Each step will require the following:
  • Step 1: Download data from the web
  • Step 2: Selection and formating is done in R
  • Step 3 and 4: The data is already present in the MGA database
  • Step 5: Peak calling is done with ChIP-Peak
  • Step 6: Promoters are validated with ChIP-Cor
  • Step 7: Shifting is done first with ChIP-Extract, then R
  • Step 8: Final promoter collection ready to be checked

1. Make a validated promoter collection

1.1 Make a promoter collection from UCSC Genome Browser data

The first step in this tutorial is to download a promoter collection from a publicly available database. Here it is shown how to do it for UCSC gene annotation table but you can do it in BioMart as well. This is your starting point: a promoter collection that is not experimantally validated, with a low accurancy in placing the TSS. You will then use CAGE data to validate the promoters (selecting the promoters that are expressed) and to shift the TSS location to the nearest CAGE peak. This should represent a better estimate of the true TSS location.

Now you have the promoter collection correctly formatted for the ChIP-Seq server. If you are having problems generating it, you can download a version here. Open it with a text editor to familiarize with the SGA format. Note that the 6th colum represents the associated gene name and that often several promoters belong to the same gene.

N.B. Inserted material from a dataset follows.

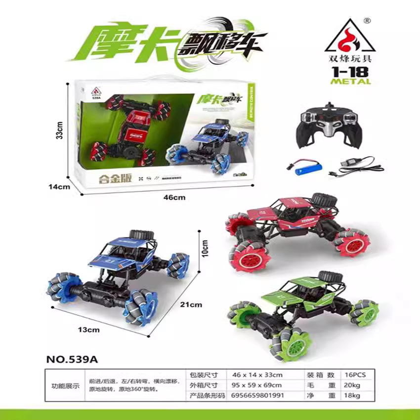 Shuangqi 539A 합금 모카 왼쪽과 오른쪽 드리프트 자동차 등반 자동차 1:18 충전 무선 원격 제어 자동차 장난감 모델스토어 가기

1.2 Validate the UCSC promoters with CAGE data

To start the validation process (point 1 in the next list), you have to extract CAGE peaks from the genome. To do so, you will use samples from the ENCODE CAGE data . To validate the largest number of promoters, you should use a sample that is the result of merging all longPolyA samples (mRNA enriched samples) that are present in this serie. The merged sample is available from our server in the drop-down menu. The resulting peaks will then be used to validate and select promoters (point 2) for subsequent analysis.

  1. Use ChIP-Peak to find peaks in ENCODE CAGE data using the following parameters. You can try and change them. For example changing the 'Peak Threshold' would affect the sensitivity of your analysis, lower values produce more peaks that can be used to validate more TSSs. Reducing the 'Window Width' and 'Vicinity Range' would affect broad peaks, potentially splitting them in smaller peaks.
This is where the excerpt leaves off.